Over the next few weeks, I will share long form interviews with the founders of all of Swedish tech startups that you will want to hear from (except for Lovable, who turned me down 😦) as well as several clued-up VCs.
Once I've exhausted Sweden I'm coming for Europe's other tech hubs. Got a suggestion? Let me know here and I'll get on the Ryanair website.
But for now, I'm in my cabin on the Mälardrottningen and the river outside is frozen solid, and from time to time, ice skaters pass under the portholes.
It is 4 pm here in Stockholm and I am waiting for Max Junestrad, founder of Legora, to log on from San Francisco.
And here he is...


Legora's Max Junestrad: 'We are not here to come second'
(A few quotes from this interview appeared in the Financial Times on March 5.)
When AI giant Anthropic unveiled a legal plugin that would allow firms to automate tasks such as compliance, briefings and document reviewing in February 2026, the shares of publishers, legal data firms and software companies plunged on European exchanges.
But as pundits began to predict the imminent death of software as a service (Saas) under the LLM juggernaut, one legal tech founder went the other way.
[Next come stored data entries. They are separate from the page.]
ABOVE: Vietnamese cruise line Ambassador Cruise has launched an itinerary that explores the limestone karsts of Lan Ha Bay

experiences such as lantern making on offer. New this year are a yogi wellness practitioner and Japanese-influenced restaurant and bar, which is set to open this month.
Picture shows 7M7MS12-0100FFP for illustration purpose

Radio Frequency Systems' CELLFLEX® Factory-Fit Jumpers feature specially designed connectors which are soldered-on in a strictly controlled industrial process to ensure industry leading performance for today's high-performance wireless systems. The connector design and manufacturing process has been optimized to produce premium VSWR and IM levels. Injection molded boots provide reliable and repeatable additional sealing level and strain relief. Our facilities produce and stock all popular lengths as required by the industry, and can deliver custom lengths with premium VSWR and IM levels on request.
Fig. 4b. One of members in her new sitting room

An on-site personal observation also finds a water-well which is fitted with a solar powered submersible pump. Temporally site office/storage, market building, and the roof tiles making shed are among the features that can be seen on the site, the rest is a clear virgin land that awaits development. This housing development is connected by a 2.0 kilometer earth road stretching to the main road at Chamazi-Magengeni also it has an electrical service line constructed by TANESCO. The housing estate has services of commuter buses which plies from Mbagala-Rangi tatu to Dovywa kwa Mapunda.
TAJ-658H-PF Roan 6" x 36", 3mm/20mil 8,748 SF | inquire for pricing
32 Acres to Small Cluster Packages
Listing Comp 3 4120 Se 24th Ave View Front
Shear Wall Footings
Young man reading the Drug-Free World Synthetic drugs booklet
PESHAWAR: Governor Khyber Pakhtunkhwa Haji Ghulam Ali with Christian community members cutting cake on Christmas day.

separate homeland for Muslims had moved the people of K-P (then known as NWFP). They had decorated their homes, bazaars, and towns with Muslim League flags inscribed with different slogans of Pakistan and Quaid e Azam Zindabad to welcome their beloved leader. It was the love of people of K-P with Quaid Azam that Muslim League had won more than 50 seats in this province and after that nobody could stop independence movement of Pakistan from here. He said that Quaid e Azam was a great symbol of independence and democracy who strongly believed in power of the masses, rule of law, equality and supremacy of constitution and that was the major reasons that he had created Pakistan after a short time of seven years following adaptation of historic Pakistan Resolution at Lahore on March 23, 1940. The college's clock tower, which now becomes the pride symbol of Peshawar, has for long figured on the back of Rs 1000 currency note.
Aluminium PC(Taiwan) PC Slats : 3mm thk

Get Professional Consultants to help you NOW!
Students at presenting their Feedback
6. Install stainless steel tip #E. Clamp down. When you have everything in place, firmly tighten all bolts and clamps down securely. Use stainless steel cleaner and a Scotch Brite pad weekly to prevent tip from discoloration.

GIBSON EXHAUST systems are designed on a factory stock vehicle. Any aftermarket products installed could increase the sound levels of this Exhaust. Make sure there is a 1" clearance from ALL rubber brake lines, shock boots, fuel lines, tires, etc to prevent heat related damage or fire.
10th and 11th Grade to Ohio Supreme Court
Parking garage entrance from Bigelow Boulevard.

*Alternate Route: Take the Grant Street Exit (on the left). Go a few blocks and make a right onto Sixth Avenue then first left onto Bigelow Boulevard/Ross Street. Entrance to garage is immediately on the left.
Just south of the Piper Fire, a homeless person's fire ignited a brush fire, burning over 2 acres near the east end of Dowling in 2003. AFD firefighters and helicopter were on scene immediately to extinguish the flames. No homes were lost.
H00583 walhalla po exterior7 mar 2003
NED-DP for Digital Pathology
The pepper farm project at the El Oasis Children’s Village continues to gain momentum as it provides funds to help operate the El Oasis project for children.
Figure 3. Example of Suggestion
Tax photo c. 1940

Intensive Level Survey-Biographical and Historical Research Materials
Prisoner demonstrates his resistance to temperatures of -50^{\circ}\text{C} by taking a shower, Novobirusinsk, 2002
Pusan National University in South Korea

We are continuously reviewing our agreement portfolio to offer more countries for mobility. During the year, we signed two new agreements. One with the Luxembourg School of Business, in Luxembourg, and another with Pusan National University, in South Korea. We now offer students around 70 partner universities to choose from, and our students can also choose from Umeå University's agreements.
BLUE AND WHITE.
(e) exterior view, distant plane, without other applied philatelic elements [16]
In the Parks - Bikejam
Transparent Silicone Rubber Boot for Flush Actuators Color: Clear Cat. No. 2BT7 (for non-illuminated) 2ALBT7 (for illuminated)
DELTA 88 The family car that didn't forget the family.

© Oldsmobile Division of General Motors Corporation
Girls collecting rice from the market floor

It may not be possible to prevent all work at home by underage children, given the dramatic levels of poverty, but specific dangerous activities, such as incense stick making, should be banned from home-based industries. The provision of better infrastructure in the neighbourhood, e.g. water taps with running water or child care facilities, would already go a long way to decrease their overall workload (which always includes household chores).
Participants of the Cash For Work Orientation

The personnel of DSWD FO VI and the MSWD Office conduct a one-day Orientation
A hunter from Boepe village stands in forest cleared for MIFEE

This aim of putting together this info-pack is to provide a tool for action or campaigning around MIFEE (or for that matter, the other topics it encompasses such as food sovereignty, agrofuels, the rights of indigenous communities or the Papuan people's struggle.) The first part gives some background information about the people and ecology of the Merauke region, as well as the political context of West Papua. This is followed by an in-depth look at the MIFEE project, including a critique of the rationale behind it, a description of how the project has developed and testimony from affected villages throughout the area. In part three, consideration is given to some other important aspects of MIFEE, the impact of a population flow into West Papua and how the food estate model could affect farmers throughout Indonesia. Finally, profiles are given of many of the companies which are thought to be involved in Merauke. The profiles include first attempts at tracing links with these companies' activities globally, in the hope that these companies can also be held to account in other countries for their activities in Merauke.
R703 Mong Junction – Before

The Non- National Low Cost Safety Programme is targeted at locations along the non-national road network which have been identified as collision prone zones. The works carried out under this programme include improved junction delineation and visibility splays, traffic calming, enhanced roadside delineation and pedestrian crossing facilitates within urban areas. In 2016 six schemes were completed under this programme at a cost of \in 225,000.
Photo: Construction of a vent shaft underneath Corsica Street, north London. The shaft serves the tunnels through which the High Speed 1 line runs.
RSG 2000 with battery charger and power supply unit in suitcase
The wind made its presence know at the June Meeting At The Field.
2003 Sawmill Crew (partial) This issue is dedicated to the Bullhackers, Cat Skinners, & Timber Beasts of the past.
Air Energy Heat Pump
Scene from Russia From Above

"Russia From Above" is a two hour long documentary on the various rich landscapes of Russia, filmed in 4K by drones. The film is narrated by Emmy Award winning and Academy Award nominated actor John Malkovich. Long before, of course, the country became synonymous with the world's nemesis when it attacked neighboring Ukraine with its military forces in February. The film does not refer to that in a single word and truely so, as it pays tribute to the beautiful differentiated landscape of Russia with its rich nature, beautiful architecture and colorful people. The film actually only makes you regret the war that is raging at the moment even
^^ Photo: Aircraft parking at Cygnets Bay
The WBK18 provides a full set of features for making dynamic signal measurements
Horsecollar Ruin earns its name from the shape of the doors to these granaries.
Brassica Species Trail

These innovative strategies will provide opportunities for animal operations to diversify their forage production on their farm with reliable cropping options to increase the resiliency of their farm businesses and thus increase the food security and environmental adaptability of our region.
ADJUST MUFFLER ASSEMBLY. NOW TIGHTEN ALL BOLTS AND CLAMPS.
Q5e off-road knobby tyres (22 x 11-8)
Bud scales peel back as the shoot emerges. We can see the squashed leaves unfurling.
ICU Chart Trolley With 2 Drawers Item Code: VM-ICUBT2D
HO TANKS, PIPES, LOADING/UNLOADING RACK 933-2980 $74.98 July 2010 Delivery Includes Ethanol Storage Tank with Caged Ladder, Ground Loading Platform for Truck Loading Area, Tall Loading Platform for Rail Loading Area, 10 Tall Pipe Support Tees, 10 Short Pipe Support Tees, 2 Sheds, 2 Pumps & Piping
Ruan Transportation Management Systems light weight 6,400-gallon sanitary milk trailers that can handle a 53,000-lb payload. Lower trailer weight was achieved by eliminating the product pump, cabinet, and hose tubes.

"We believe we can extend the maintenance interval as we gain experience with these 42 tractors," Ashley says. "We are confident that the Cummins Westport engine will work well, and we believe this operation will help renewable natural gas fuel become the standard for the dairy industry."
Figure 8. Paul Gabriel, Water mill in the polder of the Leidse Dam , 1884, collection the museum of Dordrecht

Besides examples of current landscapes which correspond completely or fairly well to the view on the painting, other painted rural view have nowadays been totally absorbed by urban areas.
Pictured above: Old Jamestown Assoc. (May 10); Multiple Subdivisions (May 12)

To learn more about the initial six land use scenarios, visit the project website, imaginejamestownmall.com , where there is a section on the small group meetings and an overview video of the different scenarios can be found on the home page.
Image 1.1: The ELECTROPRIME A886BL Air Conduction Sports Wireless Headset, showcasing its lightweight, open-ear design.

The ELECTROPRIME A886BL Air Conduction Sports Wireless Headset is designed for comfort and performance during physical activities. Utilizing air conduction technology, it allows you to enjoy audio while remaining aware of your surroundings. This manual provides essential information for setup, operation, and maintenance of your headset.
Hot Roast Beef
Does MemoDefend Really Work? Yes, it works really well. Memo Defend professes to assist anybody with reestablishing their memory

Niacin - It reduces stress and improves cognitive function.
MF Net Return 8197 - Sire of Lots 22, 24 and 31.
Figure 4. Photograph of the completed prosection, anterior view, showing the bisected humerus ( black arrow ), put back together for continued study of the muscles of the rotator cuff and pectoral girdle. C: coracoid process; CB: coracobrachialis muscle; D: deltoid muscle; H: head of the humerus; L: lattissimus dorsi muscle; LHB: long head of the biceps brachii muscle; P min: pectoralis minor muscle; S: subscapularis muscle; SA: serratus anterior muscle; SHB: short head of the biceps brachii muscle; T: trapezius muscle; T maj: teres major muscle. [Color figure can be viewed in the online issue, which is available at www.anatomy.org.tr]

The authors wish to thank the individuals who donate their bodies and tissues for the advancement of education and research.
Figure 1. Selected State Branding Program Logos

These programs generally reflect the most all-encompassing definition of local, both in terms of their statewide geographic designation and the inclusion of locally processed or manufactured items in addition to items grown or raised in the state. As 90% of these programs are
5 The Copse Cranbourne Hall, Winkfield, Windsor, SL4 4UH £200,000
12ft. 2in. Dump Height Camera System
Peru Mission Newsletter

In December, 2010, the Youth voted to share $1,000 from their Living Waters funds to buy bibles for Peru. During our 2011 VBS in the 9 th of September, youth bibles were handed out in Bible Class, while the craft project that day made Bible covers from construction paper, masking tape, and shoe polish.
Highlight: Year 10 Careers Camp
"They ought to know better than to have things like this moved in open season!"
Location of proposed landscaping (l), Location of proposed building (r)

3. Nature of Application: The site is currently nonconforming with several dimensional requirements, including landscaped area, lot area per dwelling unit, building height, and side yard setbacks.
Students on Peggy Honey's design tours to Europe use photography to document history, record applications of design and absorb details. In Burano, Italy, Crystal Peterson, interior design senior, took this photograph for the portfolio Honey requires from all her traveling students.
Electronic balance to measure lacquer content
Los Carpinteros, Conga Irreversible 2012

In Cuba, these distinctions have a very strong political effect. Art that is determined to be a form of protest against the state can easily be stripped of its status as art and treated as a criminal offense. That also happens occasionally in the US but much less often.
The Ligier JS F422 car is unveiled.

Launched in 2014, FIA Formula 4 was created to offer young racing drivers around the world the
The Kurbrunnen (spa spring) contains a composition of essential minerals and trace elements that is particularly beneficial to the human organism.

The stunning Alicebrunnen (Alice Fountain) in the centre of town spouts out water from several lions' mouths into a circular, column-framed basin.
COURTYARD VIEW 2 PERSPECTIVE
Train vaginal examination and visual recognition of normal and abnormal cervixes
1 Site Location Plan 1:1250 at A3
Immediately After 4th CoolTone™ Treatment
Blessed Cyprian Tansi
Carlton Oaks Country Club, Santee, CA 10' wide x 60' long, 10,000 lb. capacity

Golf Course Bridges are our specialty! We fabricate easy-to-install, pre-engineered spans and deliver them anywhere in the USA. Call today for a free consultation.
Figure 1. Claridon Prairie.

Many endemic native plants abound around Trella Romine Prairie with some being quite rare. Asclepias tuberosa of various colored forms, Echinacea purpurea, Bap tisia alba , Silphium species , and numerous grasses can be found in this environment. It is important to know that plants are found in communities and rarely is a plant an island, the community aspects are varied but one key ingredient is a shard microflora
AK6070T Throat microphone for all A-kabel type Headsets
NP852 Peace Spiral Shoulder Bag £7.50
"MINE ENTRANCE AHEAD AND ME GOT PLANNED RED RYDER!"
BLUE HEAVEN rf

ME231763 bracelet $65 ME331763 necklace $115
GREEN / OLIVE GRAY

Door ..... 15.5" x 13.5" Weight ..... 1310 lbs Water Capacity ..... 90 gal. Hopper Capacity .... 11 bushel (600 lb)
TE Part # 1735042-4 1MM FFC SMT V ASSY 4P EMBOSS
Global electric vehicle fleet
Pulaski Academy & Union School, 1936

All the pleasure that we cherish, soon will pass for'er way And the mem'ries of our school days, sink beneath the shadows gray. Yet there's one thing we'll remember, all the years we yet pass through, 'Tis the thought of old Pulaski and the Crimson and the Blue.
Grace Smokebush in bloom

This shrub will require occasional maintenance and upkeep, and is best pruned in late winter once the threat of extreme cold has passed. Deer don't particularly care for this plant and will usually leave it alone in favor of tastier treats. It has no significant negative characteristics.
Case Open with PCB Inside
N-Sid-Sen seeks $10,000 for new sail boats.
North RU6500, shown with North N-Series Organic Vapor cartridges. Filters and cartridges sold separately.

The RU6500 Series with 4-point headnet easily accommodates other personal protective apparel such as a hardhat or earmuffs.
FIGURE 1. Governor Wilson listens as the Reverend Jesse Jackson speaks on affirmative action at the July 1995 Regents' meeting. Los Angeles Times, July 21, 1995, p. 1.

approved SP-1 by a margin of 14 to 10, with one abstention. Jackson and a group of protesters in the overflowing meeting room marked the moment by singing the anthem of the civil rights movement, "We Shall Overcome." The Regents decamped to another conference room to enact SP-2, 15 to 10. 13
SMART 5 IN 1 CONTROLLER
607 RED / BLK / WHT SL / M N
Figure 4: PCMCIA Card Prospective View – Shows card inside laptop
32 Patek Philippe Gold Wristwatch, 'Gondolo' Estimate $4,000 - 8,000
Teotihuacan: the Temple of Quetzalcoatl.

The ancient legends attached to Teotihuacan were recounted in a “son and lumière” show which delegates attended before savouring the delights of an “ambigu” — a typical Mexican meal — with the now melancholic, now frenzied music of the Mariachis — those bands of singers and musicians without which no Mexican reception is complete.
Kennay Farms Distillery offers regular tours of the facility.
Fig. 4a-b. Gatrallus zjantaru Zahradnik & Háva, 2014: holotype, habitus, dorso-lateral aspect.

Commenting on LinkedIn, Legora founder Max Junestrad congratulated Anthropic instead.
“There is an important difference between a plugin and operating a collaborative, matter-centric, production-grade platform used by hundreds of the world's leading legal teams,” Junestrad posted just hours after the announcement and market reaction.
If anyone could have been panicking about Anthropic wading into the AI legal tech boom, it could have been Legora, which hit a $1.8 billion valuation in October 2025 and - as of February 2026 - was reportedly in talks over a raise that would triple that to $6bn.
It was before dawn Junestrad logged onto our video call from San Francisco, a place he finds himself in more and more as Legora fights for market dominance with its main American rival, Harvey. Legora already has an office in Denver and New York, and contracts with a slew of American corporate giants and law firms.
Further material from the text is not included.